Wireless Health 2012 talk on Smartphones, GPS, and location-based context

Fun times in San Diego at Wireless Health 2012.  We’ve really seen the field of wireless devices and sensors within the health field explode over the last few years in all directions: in the consumer market, research, clinical care, and public health.

To kick off, I showed a picture from 5 years ago of a researcher in my lab wearing something like 7 sensors all over — absolutely crazy, but cool in that we were able to collect all sorts of data on movement, location, and environmental exposure.  It motivated the questions of my talk:

  • Do all these sensors need to be “wearable”?
  • Do all sensors need to be “automated”?

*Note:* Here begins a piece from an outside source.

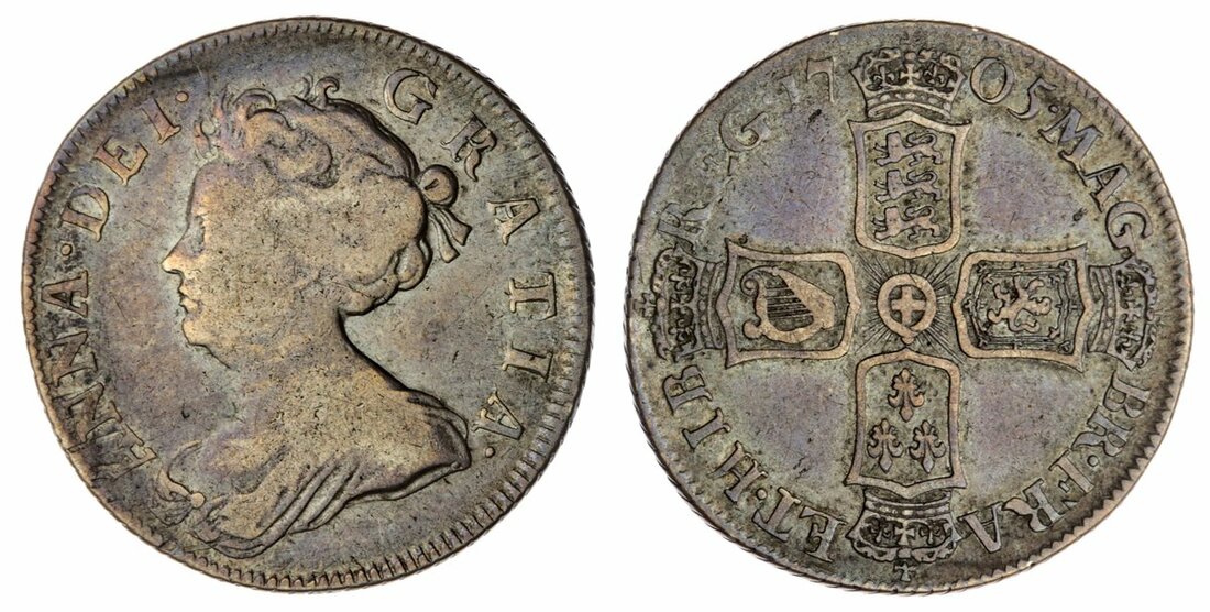 The L'Abbaye Collection | Anne (1702-1714), Pre-Union, Shilling, 1705, second bust, rev. six strings to harp, angles plain, edge obliquely milled, 5.89g, 7h (Bull 1391 [R2]; ESC 1134 [R3]; Pywell-Phillips -; Spink 3587), rubbed and probably lightly cleaned albeit now retoned, fair / a bold fine, very rare

The talk was a good opportunity to demonstrate some of the recent work that Jenna is doing in China, along with EECS PhD student, Victor Shia using CalFit smartphones to comprehensively study obesity risk: continuous inobtrusive physical activity assessment using the smartphone’s accelerometry, diet assessment using phone videos, exposure to environmental stressors like air pollution and noise (e.g., our noise modeling work), locational context like overlaying GPS data on food environment (e.g., foodscoremap.com).

I finished by showing some results we’ve collected in China based on people’s self-report data using a Ecological Momentary Assessment (EMA)-like smartphone app on what makes for “Happy Meals”.